§ PROVIDED RECORDS:
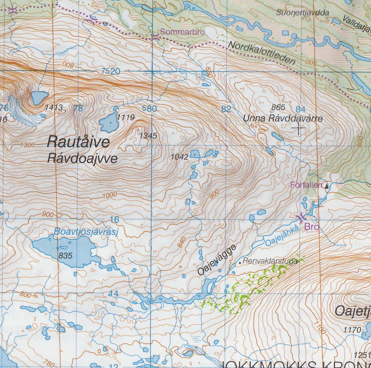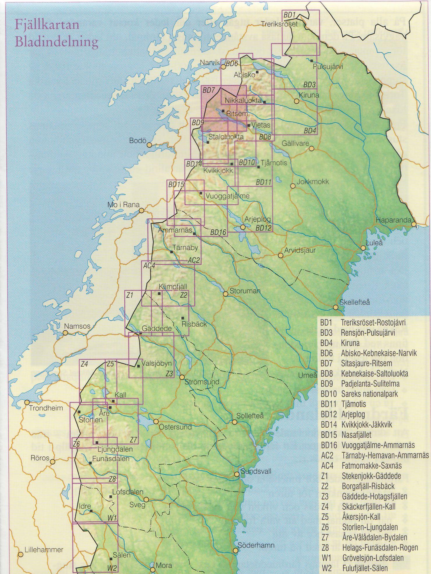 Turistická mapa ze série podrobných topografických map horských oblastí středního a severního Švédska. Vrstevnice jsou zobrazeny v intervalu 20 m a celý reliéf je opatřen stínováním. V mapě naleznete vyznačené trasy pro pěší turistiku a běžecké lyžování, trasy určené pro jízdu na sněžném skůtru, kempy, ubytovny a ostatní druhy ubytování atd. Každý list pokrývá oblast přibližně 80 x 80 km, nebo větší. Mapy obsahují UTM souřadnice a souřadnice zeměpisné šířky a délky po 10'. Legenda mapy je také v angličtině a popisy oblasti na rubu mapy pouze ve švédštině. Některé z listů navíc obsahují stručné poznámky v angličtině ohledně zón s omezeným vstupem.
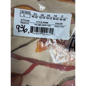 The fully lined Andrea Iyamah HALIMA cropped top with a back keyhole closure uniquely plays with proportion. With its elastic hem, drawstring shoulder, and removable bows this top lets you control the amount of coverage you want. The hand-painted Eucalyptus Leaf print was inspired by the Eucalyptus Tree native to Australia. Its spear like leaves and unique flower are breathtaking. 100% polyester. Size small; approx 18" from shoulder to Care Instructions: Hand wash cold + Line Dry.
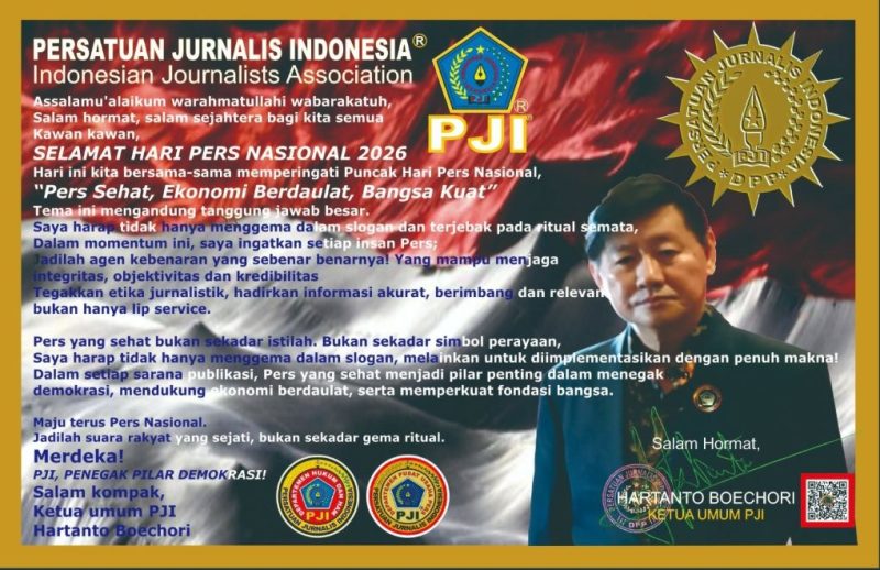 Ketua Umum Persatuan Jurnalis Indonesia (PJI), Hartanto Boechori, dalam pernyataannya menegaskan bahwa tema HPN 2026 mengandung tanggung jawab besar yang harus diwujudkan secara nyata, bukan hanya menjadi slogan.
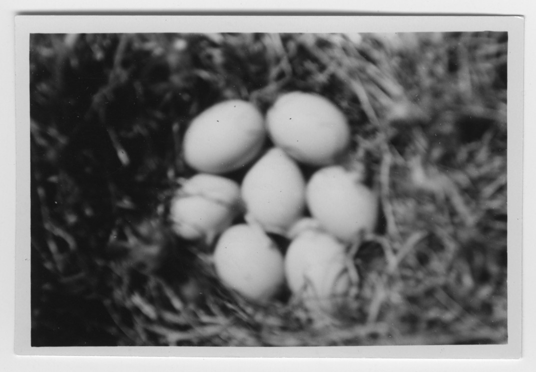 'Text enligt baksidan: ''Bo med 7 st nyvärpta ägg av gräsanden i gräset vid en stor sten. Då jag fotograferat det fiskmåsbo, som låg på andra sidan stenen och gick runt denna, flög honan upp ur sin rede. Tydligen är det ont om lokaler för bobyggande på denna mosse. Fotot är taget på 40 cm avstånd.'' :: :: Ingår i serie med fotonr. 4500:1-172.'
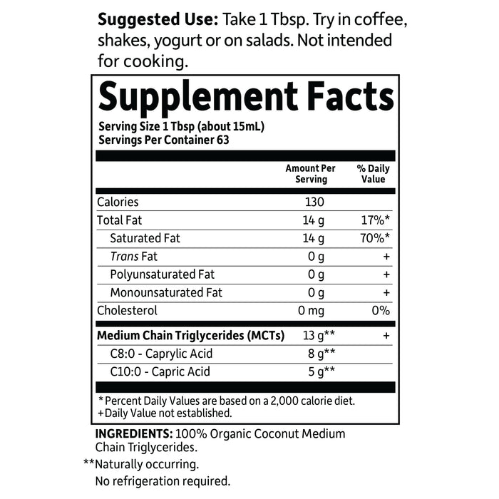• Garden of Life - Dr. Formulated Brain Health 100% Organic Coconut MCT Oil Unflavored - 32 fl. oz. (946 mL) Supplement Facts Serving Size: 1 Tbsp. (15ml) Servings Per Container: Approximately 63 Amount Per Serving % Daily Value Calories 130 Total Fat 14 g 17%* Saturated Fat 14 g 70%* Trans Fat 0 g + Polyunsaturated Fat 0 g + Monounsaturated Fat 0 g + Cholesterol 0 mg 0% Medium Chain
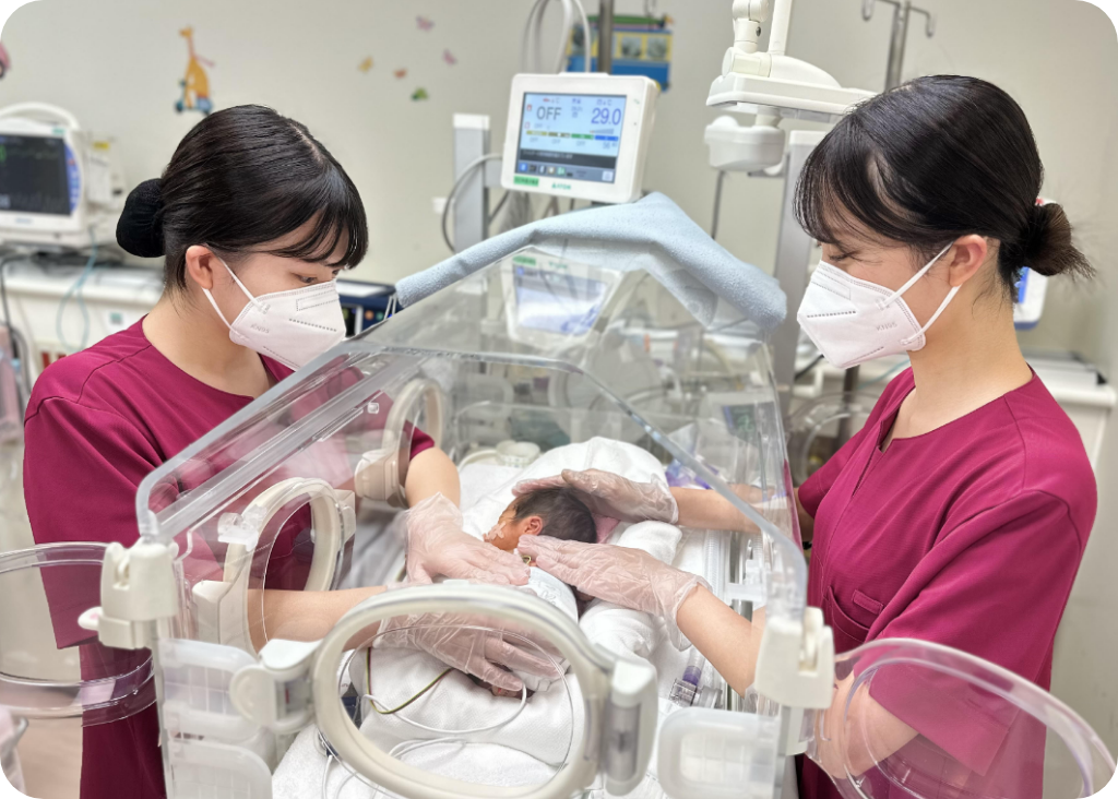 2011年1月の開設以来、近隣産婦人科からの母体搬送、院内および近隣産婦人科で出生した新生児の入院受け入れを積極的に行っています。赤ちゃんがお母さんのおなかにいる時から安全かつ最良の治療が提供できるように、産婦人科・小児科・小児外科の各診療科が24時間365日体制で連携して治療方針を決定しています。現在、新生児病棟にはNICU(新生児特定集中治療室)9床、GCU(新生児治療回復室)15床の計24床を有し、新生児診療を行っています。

§ WORK TO BE COMPLETED: Give back the full data exactly as it reads, but drop the pictures.

§ PROBLEM SOLUTION:
 Turistická mapa ze série podrobných topografických map horských oblastí středního a severního Švédska. Vrstevnice jsou zobrazeny v intervalu 20 m a celý reliéf je opatřen stínováním. V mapě naleznete vyznačené trasy pro pěší turistiku a běžecké lyžování, trasy určené pro jízdu na sněžném skůtru, kempy, ubytovny a ostatní druhy ubytování atd. Každý list pokrývá oblast přibližně 80 x 80 km, nebo větší. Mapy obsahují UTM souřadnice a souřadnice zeměpisné šířky a délky po 10'. Legenda mapy je také v angličtině a popisy oblasti na rubu mapy pouze ve švédštině. Některé z listů navíc obsahují stručné poznámky v angličtině ohledně zón s omezeným vstupem.
 The fully lined Andrea Iyamah HALIMA cropped top with a back keyhole closure uniquely plays with proportion. With its elastic hem, drawstring shoulder, and removable bows this top lets you control the amount of coverage you want. The hand-painted Eucalyptus Leaf print was inspired by the Eucalyptus Tree native to Australia. Its spear like leaves and unique flower are breathtaking. 100% polyester. Size small; approx 18" from shoulder to Care Instructions: Hand wash cold + Line Dry.
 Ketua Umum Persatuan Jurnalis Indonesia (PJI), Hartanto Boechori, dalam pernyataannya menegaskan bahwa tema HPN 2026 mengandung tanggung jawab besar yang harus diwujudkan secara nyata, bukan hanya menjadi slogan.
 'Text enligt baksidan: ''Bo med 7 st nyvärpta ägg av gräsanden i gräset vid en stor sten. Då jag fotograferat det fiskmåsbo, som låg på andra sidan stenen och gick runt denna, flög honan upp ur sin rede. Tydligen är det ont om lokaler för bobyggande på denna mosse. Fotot är taget på 40 cm avstånd.'' :: :: Ingår i serie med fotonr. 4500:1-172.'
• Garden of Life - Dr. Formulated Brain Health 100% Organic Coconut MCT Oil Unflavored - 32 fl. oz. (946 mL) Supplement Facts Serving Size: 1 Tbsp. (15ml) Servings Per Container: Approximately 63 Amount Per Serving % Daily Value Calories 130 Total Fat 14 g 17%* Saturated Fat 14 g 70%* Trans Fat 0 g + Polyunsaturated Fat 0 g + Monounsaturated Fat 0 g + Cholesterol 0 mg 0% Medium Chain
 2011年1月の開設以来、近隣産婦人科からの母体搬送、院内および近隣産婦人科で出生した新生児の入院受け入れを積極的に行っています。赤ちゃんがお母さんのおなかにいる時から安全かつ最良の治療が提供できるように、産婦人科・小児科・小児外科の各診療科が24時間365日体制で連携して治療方針を決定しています。現在、新生児病棟にはNICU(新生児特定集中治療室)9床、GCU(新生児治療回復室)15床の計24床を有し、新生児診療を行っています。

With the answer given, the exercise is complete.